I think you guys are saying the same thing. Tesla's solution is general - once it works in one market, it works for all markets. Competitors' solutions are local - they are expanded to one market at a time. It's a matter of which one gets to large scale adoption first. I think Tesla is going to get there first. Even though their solution is binary - whether it works for all or it doesn't work at all, the immediate scalability is an attractive value proposition.
Vision-only solution paired with rapid advancement in artificial intelligence along with a robust data collection infrastructure will get Tesla there. My conjecture for Tesla nearing complete FSD by the end of the year got derided in the roundtable thread, but my hunch tells me that it's coming in the next year or two.
Completely agree with the idea that Tesla's solution is general, and that's the right approach. So strongly in fact that I think all the other efforts that aren't going down this path are wasting time and money. They will eventually hit a wall that they can't climb - the only way forward will be effectively starting over, with the possibility of using whatever they've developed under very stringent requirements. Like daylight, no rain, <30 mph, specific set of streets with a set list of starting and ending points - stuff like that.
FSD complete though is probably a matter of definition. If its defined as "FSD works and is no longer beta", then I can't disagree more. Partly because although I see it improving rapidly right now, with every release, and believe it will continue to do so.. autopilot has been out for like 6 years or something (maybe its just 6 years since I first got it and started using it), and that is still officially beta.
I hadn't really put that together until this last week, and I think I've realized why that is the case, and why its going to be a big problem until somebody tackles this from the legislative side.
To get deployable non-beta FSD, much less autonomous vehicles, we need a legal framework in which FSD and equivalent solutions aren't something that can be sued just on their own. You need a lot more - malice, indifferent regard to how well it works - a pretty high bar to clear.

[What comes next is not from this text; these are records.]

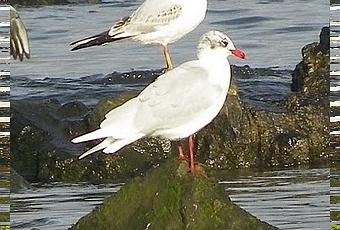 Y entre las de primer invierno ahí va un ejemplar fotografiado junto a una gaviota cana, también de primer invierno. La cabecinegra es la de la derecha.
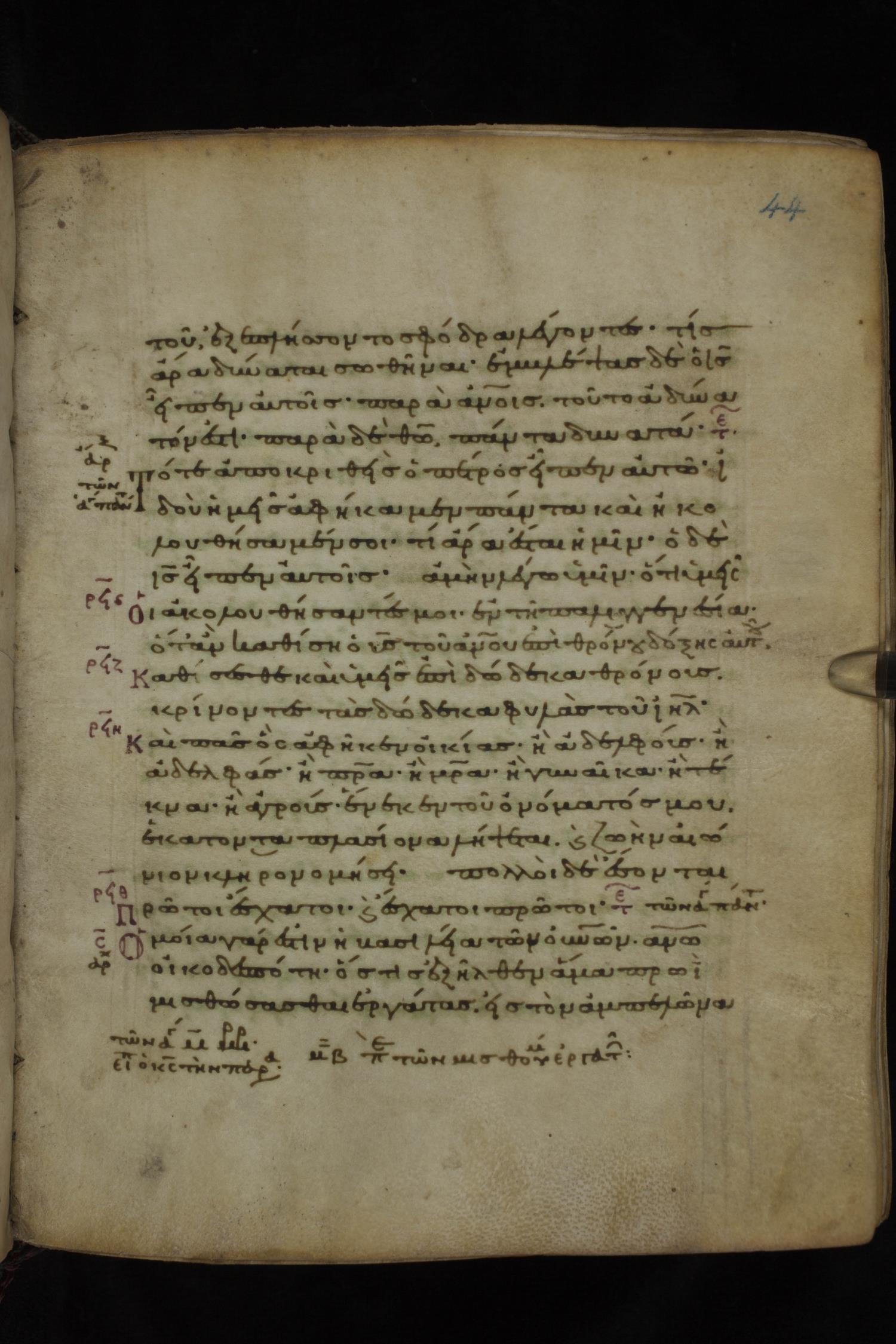 Eleventh or twelfth century minuscule of the Gospels on parchment; 231 leaves, 1 column, 21 lines per column. Images were taken at the National Library of Greece in Athens.
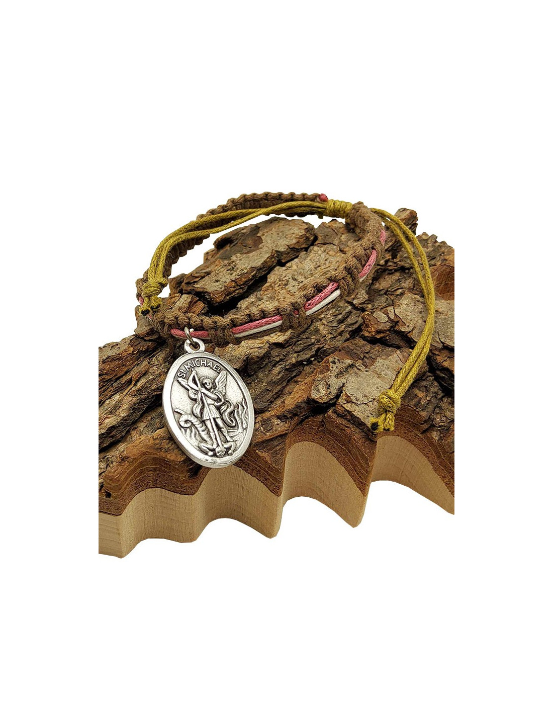 Bracelet en cordes tressées aux couleurs naturelles avec médaille en métal fantaisie de l'Archange Saint Michel et de l'Archange Saint Raphaël. Les cordelettes sont couleur kaki clair, brun clair, blanc et rose. C'est un mélange naturel presque bohème qui s'accorde aisément avec tout.
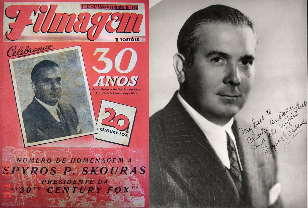 Ο Σπύρος Σκούρας στο γραφείο του στην 20th Century Fox, μία από τις Big Five Majors του Χόλυγουντ, της οποίας διετελέσε πρόεδρος από το 1942 ως το 1962. Βλ. tsutpen.blogspot.com, neoskosmos.com και myroniailias.blogspot.com.
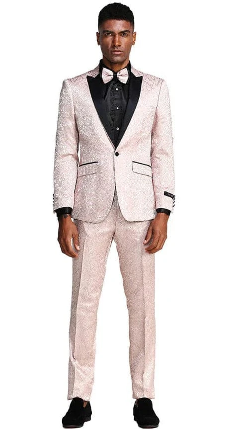 Mens One Button Slim Fit Paisley Blush Pink Wedding And Prom Tuxedo
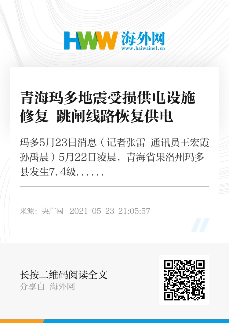 央广网玛多5月23日消息(记者张雷 通讯员王宏霞 孙禹晨)5月22日凌晨,青海省果洛州玛多县发生7.4级地震,受地震和多次余震影响,果洛地区供电设施局部受损,5条输配电线路跳闸,影响玛多县黄河乡、玛沁县优云乡21个公变、9个台区、805户客户正常用电。

I get here mostly by analogy. There is a pretty easy argument that the internet exists, as we know it today, because of
Section 230. Whether you agree with it or not (I agree), simplistically you can't sue TMC because I post something for which I can be sued; you're stuck with me and my pockets to go after. Without that protection the big entities we know today wouldn't exist. There might not be anywhere people can post content without an editor in the middle to vet content - more of a book publishing business model than social media.
Or proving defamation against a new organization - the bar is intentionally set high so that news can be reported on without worry about a blizzard of law suits. Even frivolous law suits cost a lot of money to defend, and the risk of those law suits will chill speech.
I've realized in the last few days that we're going to need something similar for FSD.
We have something similar for cars already. I don't know if its by law or not, but if I'm driving along and get in an accident while driving my Ford F150, the idea that me or my heirs can sue Ford for my dying while driving a truck they built is mostly laughable. In order for that lawsuit to go anywhere I'll need to prove there is something about how Ford designed that truck, or how it was built, or something along those lines. It's a high bar to clear, with the default assumption being that the car crash isn't the fault of the manufacturer.
Maybe this will mean there is a need for an "FSD Certification" type process. Have your vehicle(s) pass a test administered by some organization and you are certified as having safe software that can operate with this legal protection - maybe that would work, though I suspect not. I don't know how we get there, but we might be living with FSD Beta for a long time after most of us consider it beta.
I know autopilot became a tool for me that makes my life better, and that I rely on for significant quantity of driving, years ago. FSD Beta isn't there yet for me, but I can see signs of life that it will get there. Maybe even this year, but that won't be enough for Tesla to remove the Beta tag (that's my belief, and what I invest on).